1. Introduction
In the field of modern manufacturing, casting is a crucial process for producing various components. The pump body, as an important part in many industrial systems, requires high – quality casting methods to ensure its performance and reliability. Traditional sand – casting techniques often face challenges such as complex mold – making processes, long production cycles, and limited precision. With the development of advanced manufacturing technologies, 3D printing technology has emerged as a promising solution, especially in sand – casting applications. This paper focuses on the in – depth research of applying sand mold 3D printing technology to pump body casting, aiming to explore its advantages, key processes, and the overall impact on the casting industry.
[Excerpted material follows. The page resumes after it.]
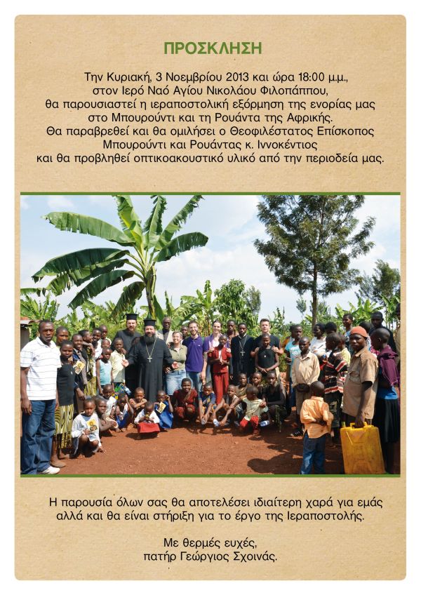 Την προσεχή Κυριακή 3 Νοεμβρίου στον Ιερό Ναό Αγίου Νικολάου Φιλοπάππου θα παρουσιαστεί η ιεραποστολική εξόρμηση της ενορίας στο Μπουρούντι και στη Ρουάντα Αφρικής.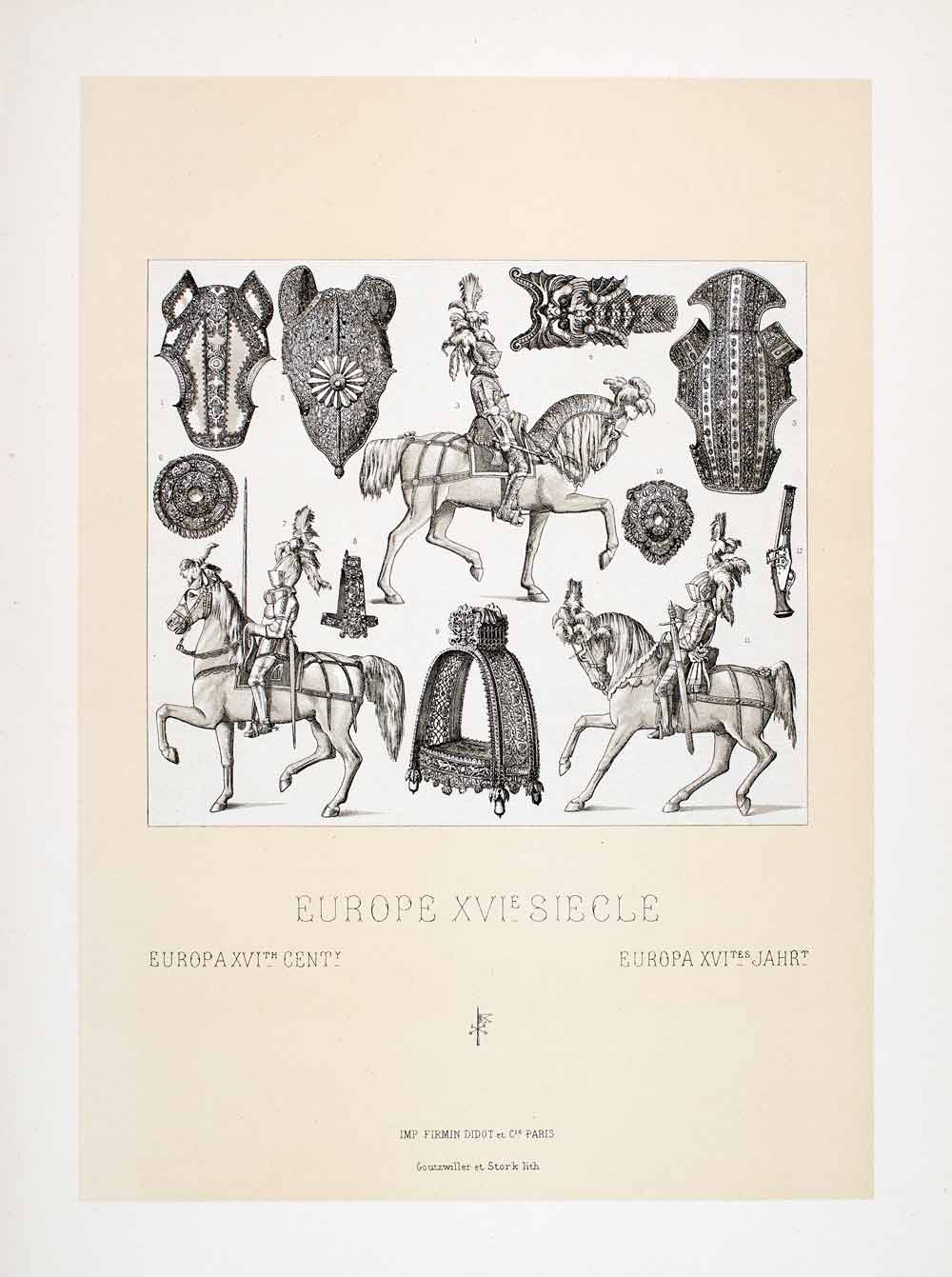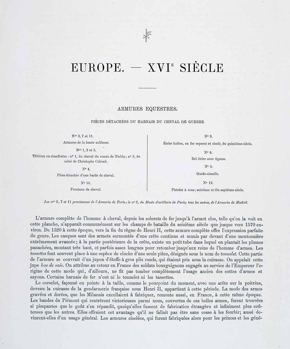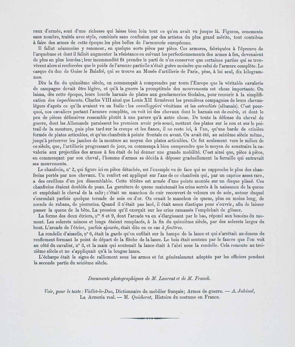 1,2,5. Champrons - 3,7,11. Noblemen - 4. Part of the barding - 6. Underarm guard - 8. Stirrup - 9. Italian stirrup - 10. Peytral - 12. Pistol.

2. Pump Body Structure and Its Significance in Casting
2.1 Pump Body Structure Analysis
The pump body is a complex component with an irregular shape. As shown in Figure 1 (here, a self – drawn figure of the pump body’s 3D model can be inserted, similar to the one described in the original Chinese paper but in English annotation), the pump body in this study has dimensions of 410 mm×503 mm×170.5 mm and a net weight of 57 kg. It belongs to the shell – type casting category and is made of HT200 material. Its non – symmetric structure poses challenges in the casting process, as different parts have different thicknesses and cooling requirements.
| Parameter | Value |
|---|---|
| Dimensions | 410 mm×503 mm×170.5 mm |
| Net Weight | 57 kg |
| Material | HT200 |
| Structure Type | Shell – type, non – symmetric |
2.2 Influence of Pump Body Structure on Casting
The non – symmetric structure and varying wall thickness of the pump body affect the filling and solidification processes during casting. Thinner walls cool faster than thicker ones, which may lead to uneven solidification and potential defects such as shrinkage porosity and cracks. Therefore, understanding the pump body structure is the first step in formulating an appropriate casting process.
3. Sand Mold 3D Printing Technology: Principles and Advantages
3.1 Principles of Sand Mold 3D Printing
Sand mold 3D printing is a rapid prototyping technology. First, the casting’s gating system, upper and lower molds, and sand cores are designed using 3D modeling software. Then, the designed models in STL format are imported into Magics software for slicing. After slicing, the model is transferred to a 3D printer for printing. During printing, a binder is selectively deposited onto the sand layer by layer to form the desired mold structure. Figure 2 (a self – drawn figure showing the 3D printing process of the sand mold, with English – labeled steps) illustrates the basic process flow.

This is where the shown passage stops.